** WHAT NEEDS TO BE DONE **
Your answer should hold exactly the lines below from the line with "De driehoekige Edge" through the line with "Generic - accessories", both included, and no pictures at all.

** SUPPLIED RECORDS **
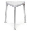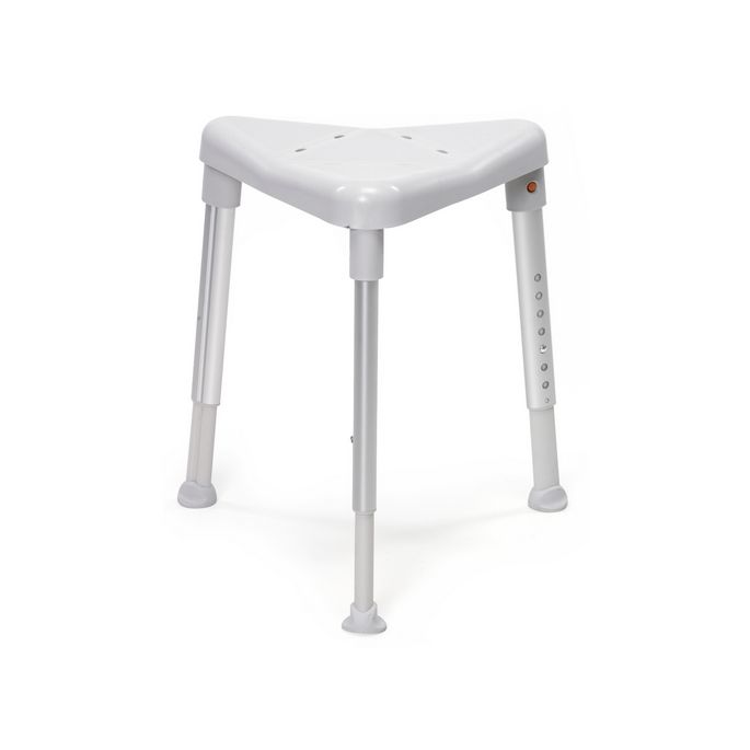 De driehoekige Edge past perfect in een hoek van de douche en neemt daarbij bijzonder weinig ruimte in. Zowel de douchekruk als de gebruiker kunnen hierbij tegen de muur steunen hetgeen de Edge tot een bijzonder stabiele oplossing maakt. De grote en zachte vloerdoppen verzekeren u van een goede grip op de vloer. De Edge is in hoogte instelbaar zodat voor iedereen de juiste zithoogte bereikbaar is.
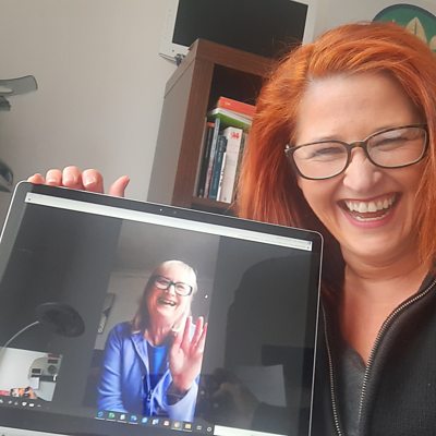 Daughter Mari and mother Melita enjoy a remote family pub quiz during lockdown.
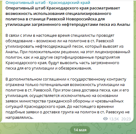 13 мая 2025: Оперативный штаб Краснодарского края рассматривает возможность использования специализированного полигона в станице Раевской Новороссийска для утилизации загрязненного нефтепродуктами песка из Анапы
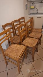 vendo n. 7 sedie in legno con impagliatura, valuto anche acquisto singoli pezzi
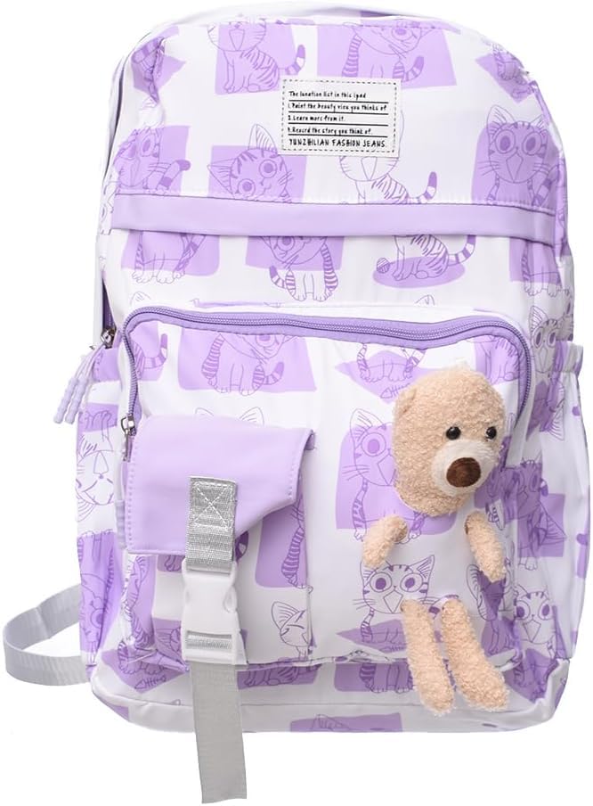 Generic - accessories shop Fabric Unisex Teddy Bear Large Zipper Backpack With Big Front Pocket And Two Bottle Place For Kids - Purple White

---

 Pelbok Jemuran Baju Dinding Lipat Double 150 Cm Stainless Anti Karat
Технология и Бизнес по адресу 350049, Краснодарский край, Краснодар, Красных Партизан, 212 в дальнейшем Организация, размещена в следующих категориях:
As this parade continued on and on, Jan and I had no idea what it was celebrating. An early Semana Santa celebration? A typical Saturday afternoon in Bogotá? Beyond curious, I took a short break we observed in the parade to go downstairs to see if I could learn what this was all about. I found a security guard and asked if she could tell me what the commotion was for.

** WRITTEN RESPONSE **
 De driehoekige Edge past perfect in een hoek van de douche en neemt daarbij bijzonder weinig ruimte in. Zowel de douchekruk als de gebruiker kunnen hierbij tegen de muur steunen hetgeen de Edge tot een bijzonder stabiele oplossing maakt. De grote en zachte vloerdoppen verzekeren u van een goede grip op de vloer. De Edge is in hoogte instelbaar zodat voor iedereen de juiste zithoogte bereikbaar is.
 Daughter Mari and mother Melita enjoy a remote family pub quiz during lockdown.
 13 мая 2025: Оперативный штаб Краснодарского края рассматривает возможность использования специализированного полигона в станице Раевской Новороссийска для утилизации загрязненного нефтепродуктами песка из Анапы
 vendo n. 7 sedie in legno con impagliatura, valuto anche acquisto singoli pezzi
 Generic - accessories shop Fabric Unisex Teddy Bear Large Zipper Backpack With Big Front Pocket And Two Bottle Place For Kids - Purple White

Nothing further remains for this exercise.